Tuesday, December 20, 2011


There's such a mix of things going on right now - perhaps I should write about finally finishing my Masters, perhaps how much shopping I have left, ..., but I'm feeling like talking about walking again, and Ampyra. Perhaps I sound like a broken record with this stuff, but it's really amazing to me, and continues to be so.

Before I started Ampyra, I mostly used my wheelchair and had an old leg brace so I could walk as much as I could, which was not much. I was never stable really, in the sense that I am stable now. But going back to my first leg brace which gave me as much stability as I could get...

I remember when I got the old (ancient) leg brace. I definitely didn't want it. Those things are ugly. When someone came to show me one and dove right into being excited about it, I wasn't ready. I wasn't excited. To me, this just meant things were getting worse. My doctor was there and sensing this (because he is one of the very few who can sense these things), he asked me "is this ok?" That was the break I needed in the conversation that got me out of the "deer in the headlights" moment I was having. I got the brace. I put it in my closet. I was going to fight using that... thing. Yuck.

I had more and more trouble walking and started avoiding steep hills for fear of falling. One day I got the brace out of the closet and decided to try it... yuck. But wow - amazingly, it made walking easier. I went to the hill, walking my dog, and I could walk down the hill again. So I got used to the ugly brace, and it became a good thing.

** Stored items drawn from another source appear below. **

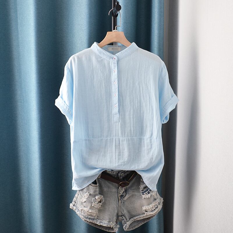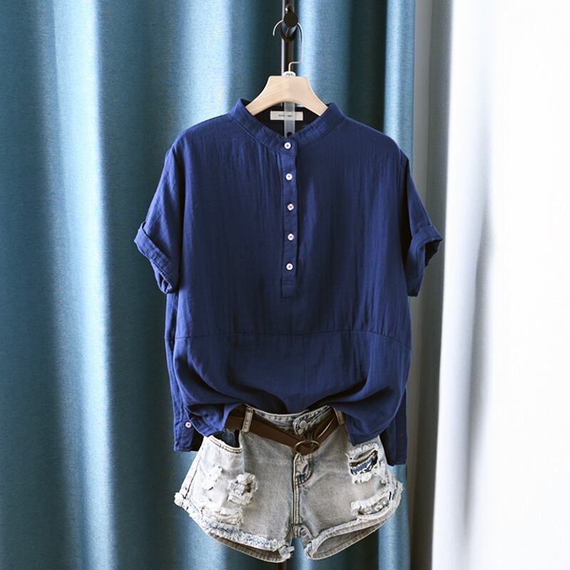 初回送料無料コットンリネンゆったりサイズトップス半袖シャツサマートップス人気商品
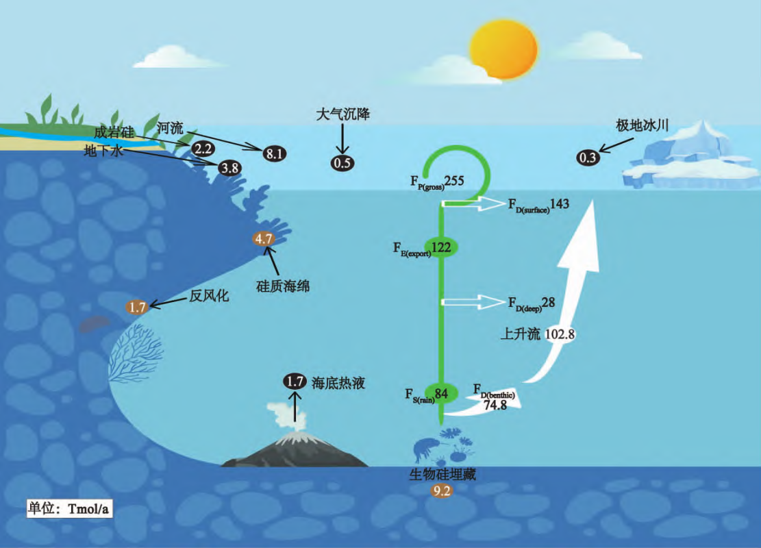 图4 全球海洋硅循环和海洋硅收支示意图
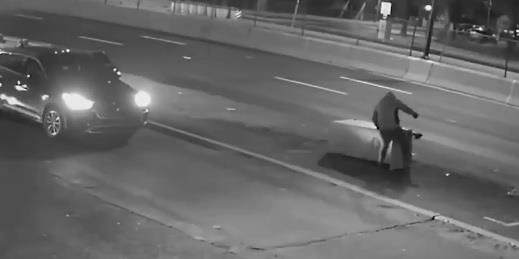 Na jednom od snimaka se vidi muškarac koji prevrće postolje i s ogromnim besom, šutirajući izvaljuje kameru koja je postavljena pored puta.
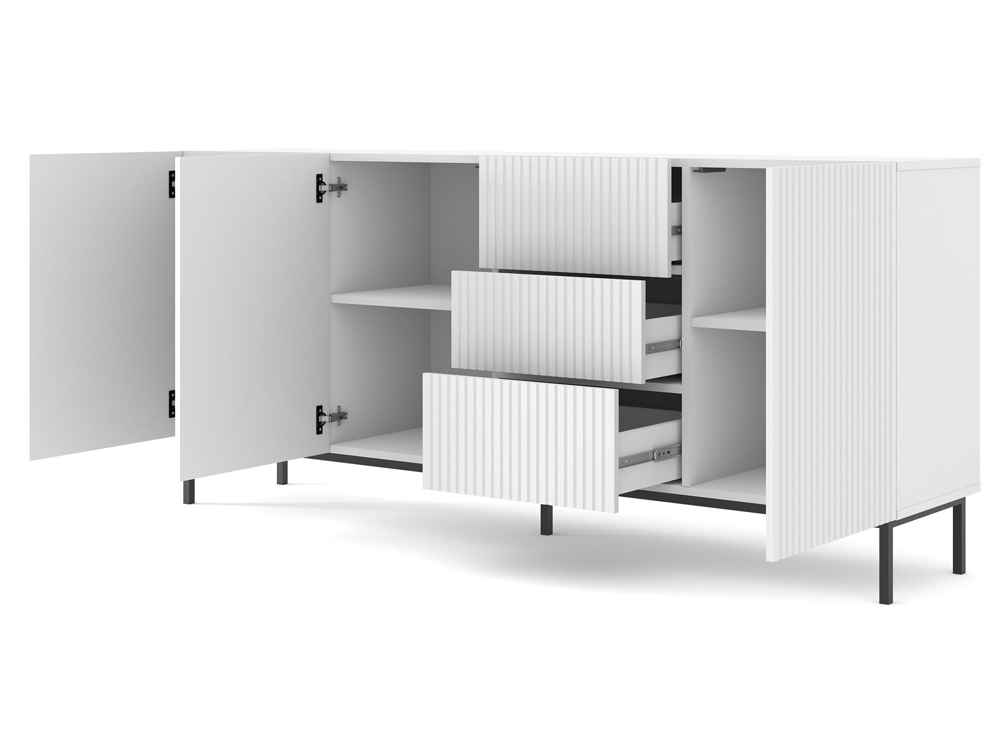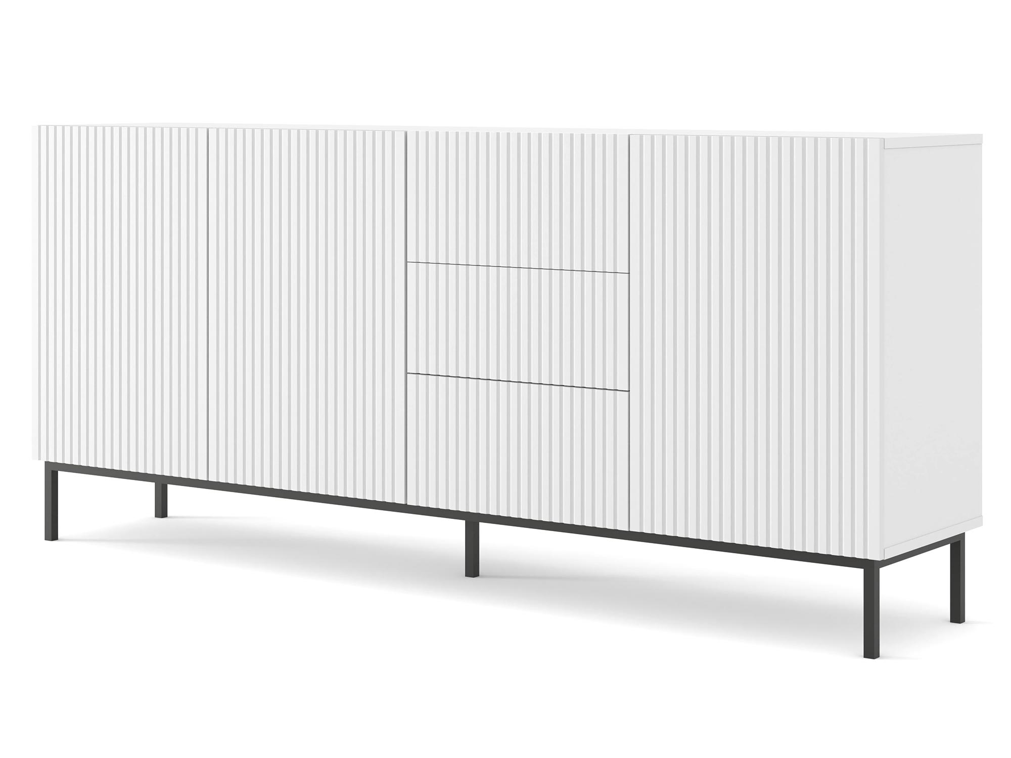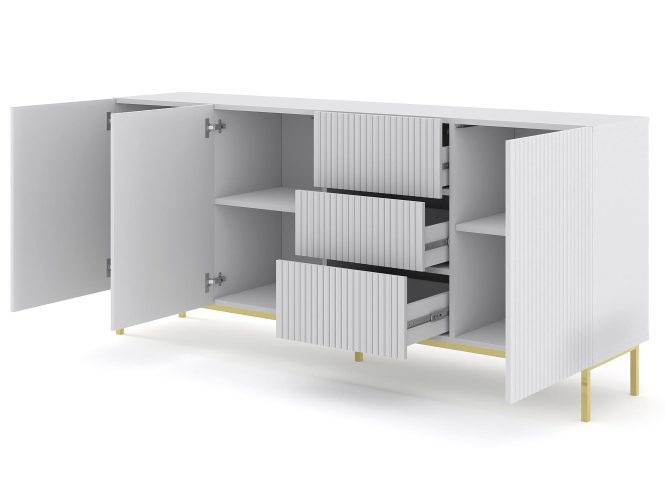Komoda Navia wyróżnia się nowoczesnym designem, który z łatwością dopasuje się do różnych stylów aranżacyjnych. Złote, metalowe nóżki dodają jej luksusowego charakteru, a biały matowy korpus wprowadza świeżość i lekkość do wnętrza. To idealny mebel dla osób, które cenią sobie zarówno estetykę, jak i funkcjonalność.
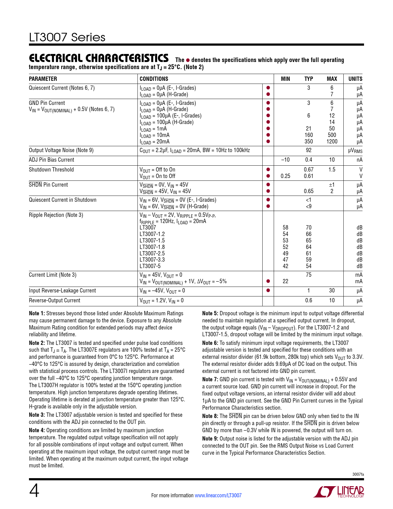 Quiescent Current (Notes 6, 7) ILOAD = 0µA (E-, I-Grades) l 3 6 µA ILOAD = 0µA (H-Grade) l 7 µA GND Pin Current ILOAD = 0µA (E-, I-Grades) l 3 6 µA VIN = VOUT(NOMINAL) + 0.5V (Notes 6, 7) ILOAD = 0µA (H-Grade) l 7 µA ILOAD = 100µA (E-, I-Grades) l 6 12 µA ILOAD = 100µA (H-Grade) l 14 µA ILOAD = 1mA l 21 50 µA ILOAD = 10mA l 160 500 µA ILOAD = 20mA l 350 1200 µA Output Voltage Noise (Note 9) COUT = 2.2µF, ILOAD = 20mA, BW = 10Hz to 100kHz 92 µVRMS ADJ Pin Bias Current –10 0.4 10 nA Shutdown Threshold VOUT = Off to On l 0.67 1.5 V VOUT = On to Off l 0.25 0.61 V SHDN Pin Current VSHDN = 0V, VIN = 45V l ±1 µA VSHDN = 45V, VIN = 45V l 0.65 2 µA Quiescent Current in Shutdown VIN = 6V, VSHDN = 0V (E-, I-Grades) l <1 µA VIN = 6V, VSHDN = 0V (H-Grade) l <9 µA Ripple Rejection (Note 3) VIN – VOUT = 2V, VRIPPLE = 0.5VP-P, fRIPPLE = 120Hz, ILOAD = 20mA LT3007 58 70 dB LT3007-1.2 54 66 dB LT3007-1.5 53 65 dB LT3007-1.8 52 64 dB LT3007-2.5 49 61 dB LT3007-3.3 47 59 dB LT3007-5 42 54 dB Current Limit (Note 3) VIN = 45V, VOUT = 0 75 mA VIN = VOUT(NOMINAL) + 1V, ∆VOUT = –5% l 22 mA Input Reverse-Leakage Current VIN = –45V, VOUT = 0 l 1 30 µA Reverse-Output Current VOUT = 1.2V, VIN = 0 0.6 10 µA

When I got my wheelchair, there was a similar process. I finally decided to use it to go into work when I was pregnant and was really afraid of falling. I sent an email to our entire department to tell them of my decision and they were very supportive. And through this, I grew to like my wheelchair - I could finally go to the mall again and it was freeing.

Over many years this was the state of things - I had the leg brace which grew old, and a wheelchair (eventually I got 2 wheelchairs because a new model was better for me).

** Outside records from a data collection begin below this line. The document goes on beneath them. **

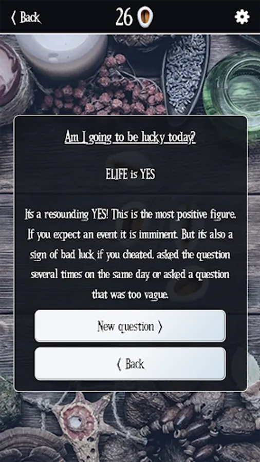 - Do not cheat! Don't ask the same question several times or questions that are too similar in order to get the answer you want. Only the first answer is valid and cheating will only bring you bad luck. In Africa some people say that it is even dangerous to play with your destiny in this way.
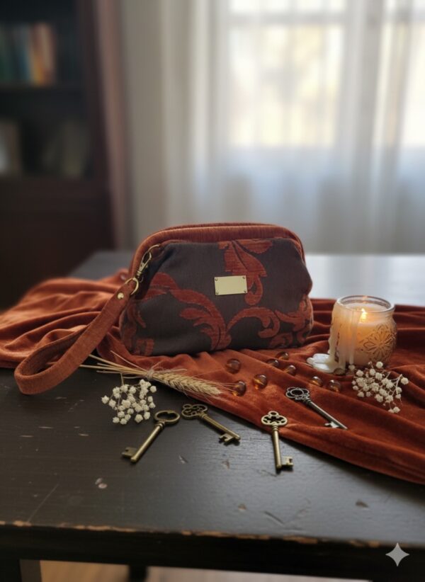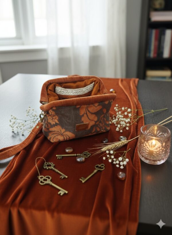Χειροποίητη τσάντα, μοναδικό κομμάτι υφάσματος, χρώμα κεραμιδιού
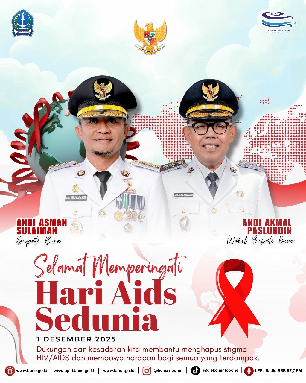 Melalui unggahan resmi yang menampilkan poster bersama Wakil Bupati Bone, Andi Asman Sulaiman, Bupati Bone, menyampaikan ucapan “Selamat Memperingati Hari AIDS Sedunia” kepada seluruh masyarakat.
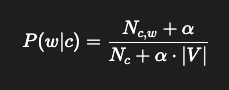 P(w∣c)=Nc,w+αNc+α⋅∣V∣P(w|c) = \frac{N_{c,w} + \alpha}{N_c + \alpha \cdot |V|}
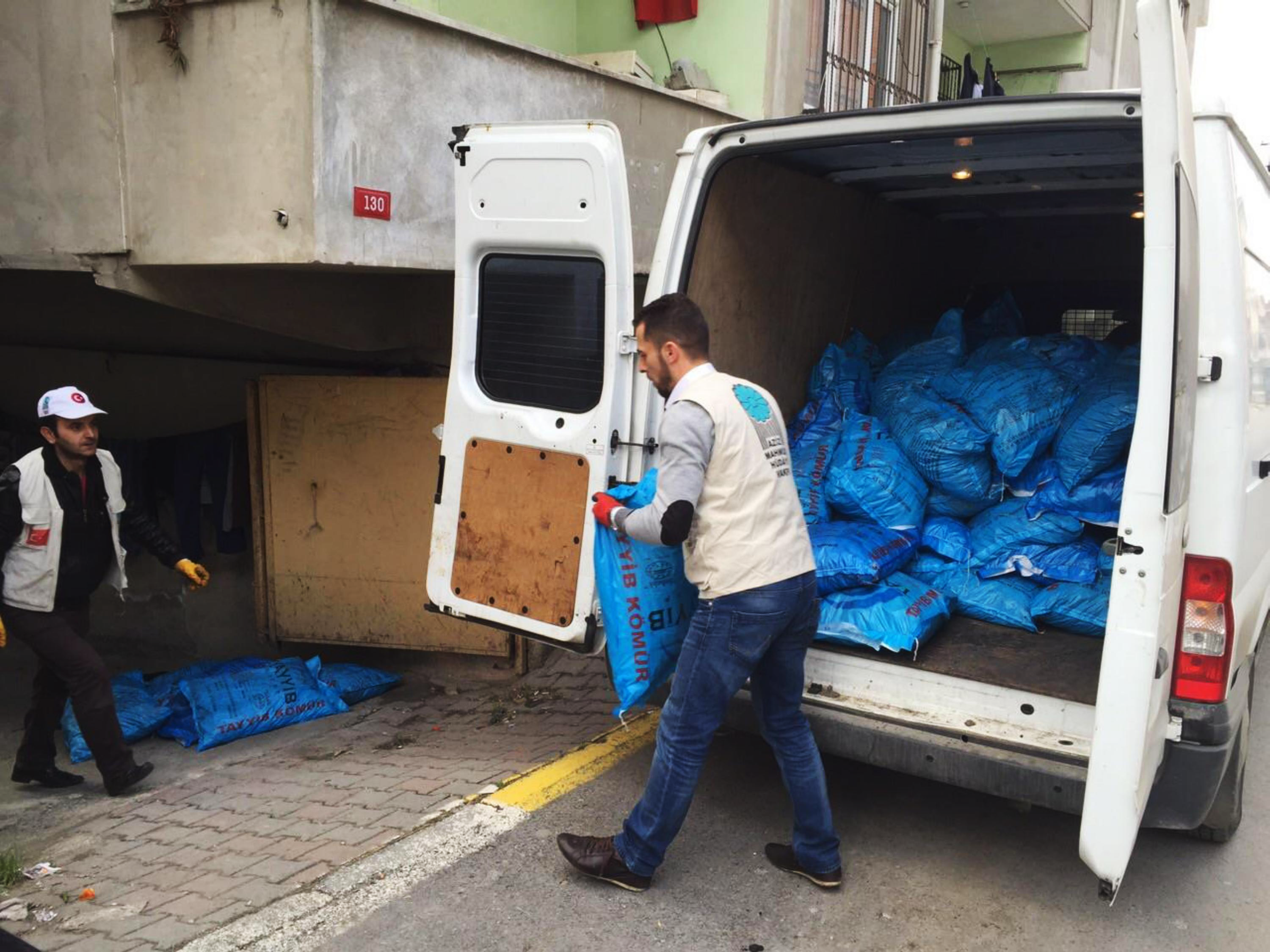 Başta Sultanbeyli, Sancaktepe, Ümraniye ve Esenyurt ilçeleri olmak üzere İstanbul’un birçok yerinde yaklaşık 5 bin ihtiyaç sahibi aileye her ay düzenli olarak gıda kolisi, temizlik malzemeleri, çocuk bezi, muhtelif giyim eşyaları vb. ayni yardım malzemesi dağıtılıyor.

Then came Ampyra. I started walking better. I started going to physical therapy. And my therapist looked at the old leg brace and declared it didn't fit me at all anymore. Back to the doctor I went to get a new brace and someone apologized that the brace was 9 years old - apparently they are supposed to last 2 years or so.

This time it was different - instead of looking at a brace as a negative, I couldn't wait to get a brace that would help me - but I do have to say the new brace wasn't quite as ugly. I kept going to physical therapy and started using a brace for the other leg there. It seemed to really help, and soon my therapist thought I should get a brace for my left leg. And now that times are different, I was excited! This brace would help me walk better. The yuck reaction was replaced by wondering if I could go further and faster.

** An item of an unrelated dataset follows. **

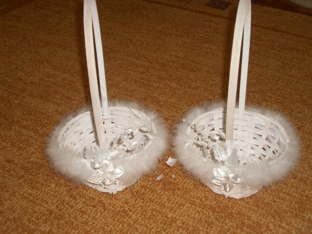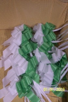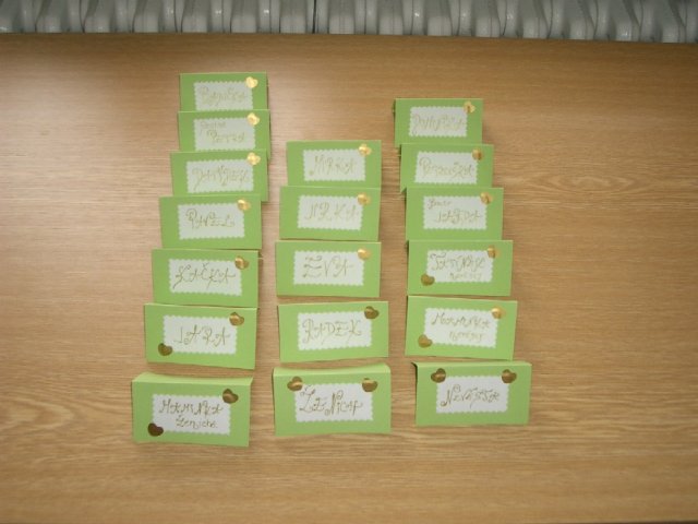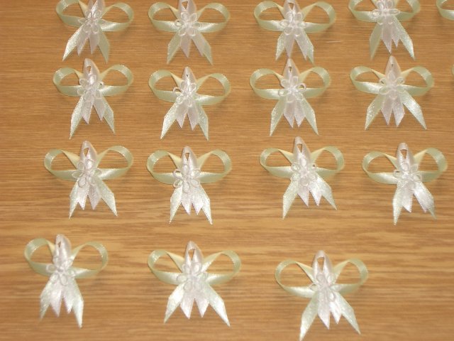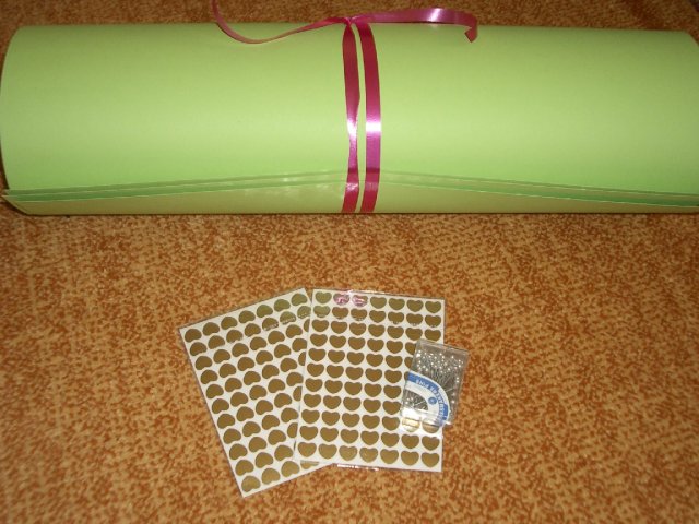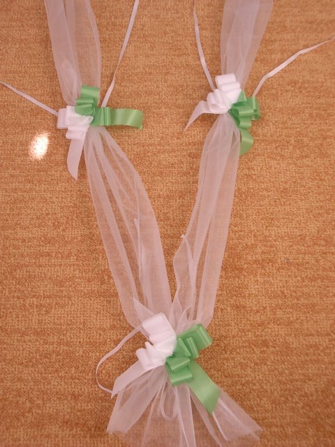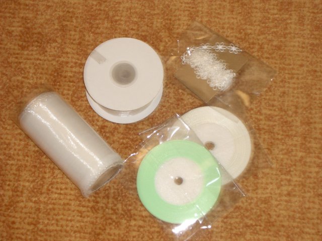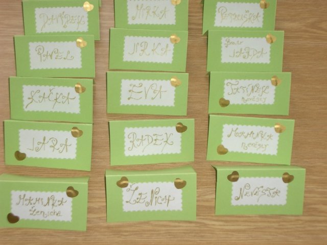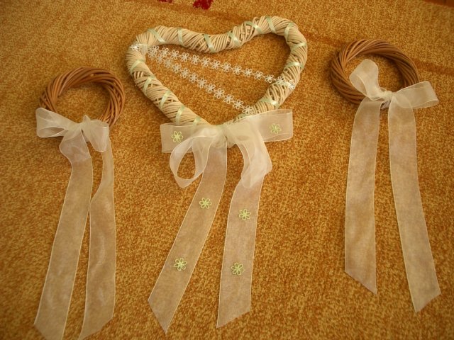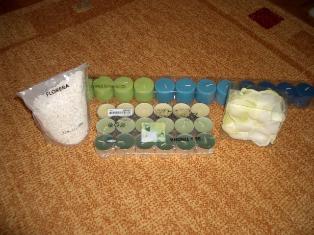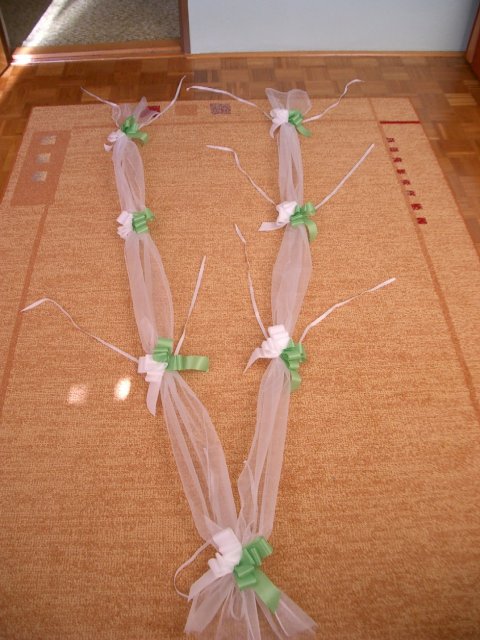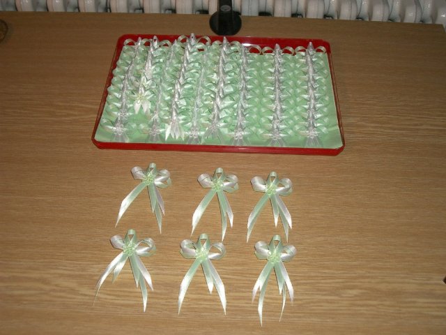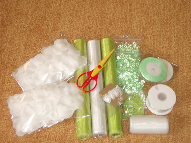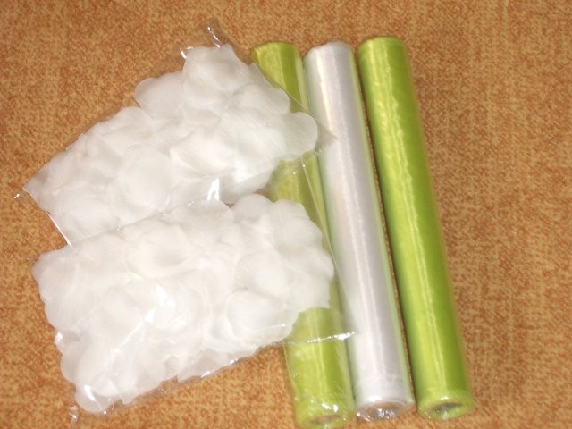 Co už všechno máme......:-).Organzu, kapičky rosy, mašličky, okvětní plátky růží, dekorační nůžky, zelený papír na jmenovky + zlaté srdíčka, košíčky pro družičky, bílý písek, svíčky, mísu na květinovou výzdobu, podtácky pod prstýnky, vývazky pro svatební hosty, mašle na výzdobu auta, nevěsta botičky, jmenovky na svatební tabuli, nevěsta bižuterii na krk + naušnice.

The new brace definitely helps me to walk better - it helps me lift my toe. Walking feels so much smoother. It's winter, so people can't see, but I laugh about the summer. It's going to look really ridiculous when I wear shorts. But, hopefully I'll still be walking better. I feel like a bionic person. There are a few things that are a bit more difficult - getting up is one. It's hard to explain nuances of braces. With the left brace I can lock my knee; with the right brace I really can't and I've decided I should really have what I have on the left on the right as well.

So this past weekend I graduated. In the week before that, the brace was new. I was walking a ton. I walked to a concert, up a long hill. I walked, for the first time, into my daughter's school (it has a huge hill to get into it). All the kids stared and finally one asked me _what_ I was doing. When I told him my legs don't work right, he smiled and said without pause, "it looks like you are dancing."

This past weekend was graduation. I had a goal. I wanted to walk across the stage. Without the new brace I couldn't have done it because there was a huge ramp. But I did it. I did get very nervous, afraid of holding everyone up, and so it wasn't a good show, but I made it.

A long time ago when I decided not to go on another medicine, our pastor, who knew I was having trouble deciding what to do, asked me what I was going to do. I thought and then said I was going to wait. And I thought to myself that I really hoped something else came along. Well, it did. This stuff doesn't happen with everyone - waiting and then something good unexpectedly happening. But it did, bionics and all.